Nehrling, a former Ontario Hockey League defenceman with the Guelph Storm, Sarnia Sting and Kingston Frontenacs, is no stranger to the penitentiary. In 2009, he was arrested for a spree of break-ins. While out on bail for the initial charges, he committed more break-ins.
In and out of jail, and while he was in North Bay attending an outpatient drug rehab program, Nehrling got high on cocaine and painkillers and went to a North Bay home looking to collect money and drugs. He ended up in a fight with the homeowner.
He pleaded guilty to assault and being unlawfully in a dwelling. He was given a 21-month prison term on top of two years he had been given for the entries.
In a 2012 interview with the Guelph Mercury, Nehrling spoke opening about his downward spiral, going from a New Jersey Devils prospect to a drug-addicted criminal.
“I know the statistics say that most inmates in a federal penitentiary reoffend. But I know this is it for me, without a doubt,” Nehrling told a reporter in a jailhouse interview in 2012.
“I’ve done a lot more good in my life than bad and I know I can do even more good. For the first time in a long time I feel good about myself.”
In June 2013, Nehrling was even granted day parole and applauded for his efforts while serving his time Collins Bay Institution in Kingston.
“You told the board today that you almost feel you should have paid to come to prison because you have learned so much and finally gotten clean,” the parole board’s written decision stated.
“Your federal incarceration appears to have had a sobering and deterrent effect. You have worked hard at addressing your addiction and immersing yourself in your native culture.”
In his 2012 interview, Nehrling said the loss of his mother in 2009 fuelled many of his bad decisions.

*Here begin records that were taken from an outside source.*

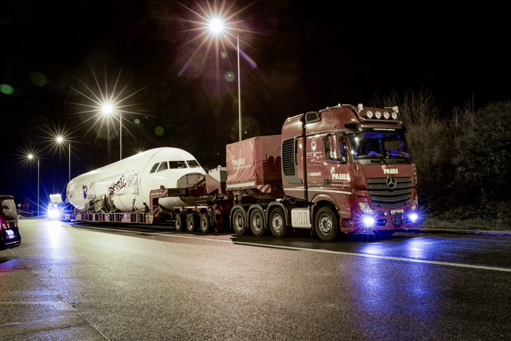 Trup aviona Airbus A 320 koji je oštećen prilkom sletanja na pistu aerodroma u glavnom gradu Estonije, Talinu je morskim putem transportovan do nemačke luke Libek, na Baltičkom moru, a potom drumovima, u južnu Nemačku. Za organizaciju kopnenog dela zahtevnog zadatka je angažovana transportna kompanija iz Štutgarta. Zato i ne čudi što je za potrebe izvođenja kompleksne misije prevoznik iz Štutgarta uposlio svog “sugrađanina”, kamion Mercedes-Benz Actros 4163 SLT, čiji motor isporučuje oko 630 konjskih snaga.
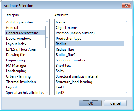 You can find the Radius attribute in the General Architecture category. This new attribute returns the values in millimeters. If you want to analyze the Radius attribute, you can add it to label styles or reports.
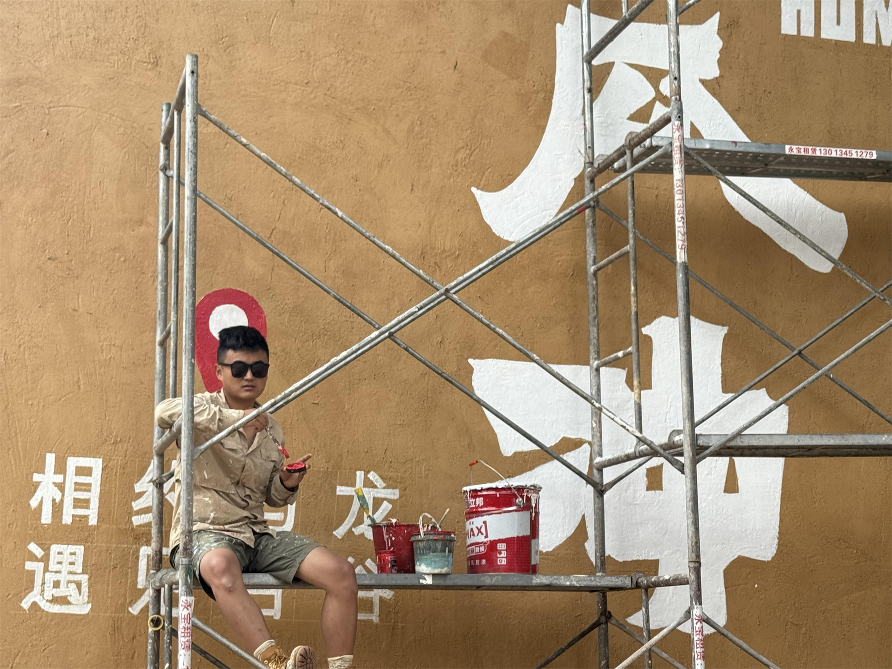 “北漂八年,画过许多墙,但最想画的,还是家乡的那面土坯墙。”2019年底,蔡迷鼠打包好北京的画具,带着四年大学生活、两年军旅生涯和两年美术教育工作经验的积累,毅然回到家乡曲靖,最终选择在马龙区土瓜冲村落脚。彼时的土瓜冲还是个略显沉寂的“空心村”,他却看中了这里闲置房屋的榫卯结构、土坯墙面—那是天然的“岩彩画布”。

Hockey also stopped being fun, as he bounced around five minor league teams, including four teams in the 1999-2000 season.
But the tipping point was in 2002 when the Ford Explorer he was driving along a rain-slicked road on the Curve Lake First Nation slid across the centre line and hit a school bus head on. Nehrling’s left leg was shattered, along with his dream of professional hockey career.
After the crash, Nehrling spent the next three months on a couch, popping prescription painkillers to mask the pain in his leg that was held together by four screws and a metal plate.
“I was feeling really sorry for myself and painkillers became my outlet to escape reality. Without hockey, I lost my identity so I turned to drugs,” Nehrling said in the interview.
The pills numbed both body and mind, he said.
“It’s crazy how fast it can happen and how it makes you just dull and not care about what’s going on around you. They took full control of my life. They controlled every thought.”